Annetine Staff defines the decidua basalis “the decidual battleground” [37]. This is the place, the no man’s land, where all these cells rush, live, cooperate, and fight in human reproduction. A more subtle immune-inflammatory lesion that dramatically impacts on placental function in late gestation is acute atherosis. This lesion affects 20–40 % of cases of late preeclampsia but is observed also as a minor lesion in a subset of “normal” pregnancies, suggesting a continuum of unbalanced interaction from subclinical to clinical to severe disease. This local process occurs without systemic vascular lesions. Histologically acute atherosis is characterized by CD68-positive subendothelial lipid-filled foam cells. These cells derive macrophages and possibly smooth muscle cells. This process is associated with an infiltration of inflammatory mononuclear cell like early stages of atherosclerosis in coronary artery disease. This lesion is seldom seen in the myometrial tract of spiral arteries and is not caused by hypertension. This process is immune-inflammatory in nature and not caused by dyslipidemia. It might be observed in pregnancies with fetal growth restriction and immune diseases. It is of interest to observe that this lesion might be found not only in abnormal spiral arteries as per early shallow trophoblastic invasion but also and mainly in normal spiral arteries. Atherosis ignites a vicious circle of under-perfusion, oxidative stress, inflammation, and atherosis. According to Staff and coworkers [38], the hyperlipidemia of normal pregnancy worsens in women with a pro-atherogenic lipid profile that develop preeclampsia.

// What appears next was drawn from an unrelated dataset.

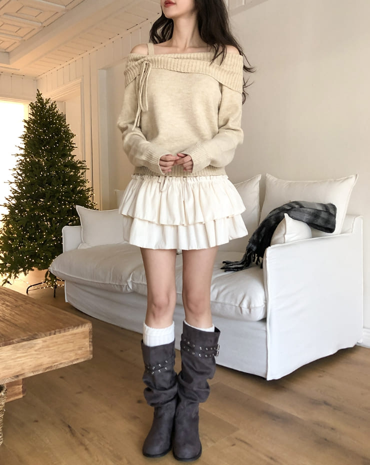 アキベルベットティアードキュロットスカート

These recent findings suggest a possible link between low-grade inflammation, dyslipidemia that characterize metabolic syndrome and excess, and/or severity of late gestation acute atherosis and late preeclampsia, associated with a normal fetal growth.

The full understanding of these pathological concepts should induce clinical counselors to underline the importance of prepregnancy lifestyle and nutrition for a successful pregnancy.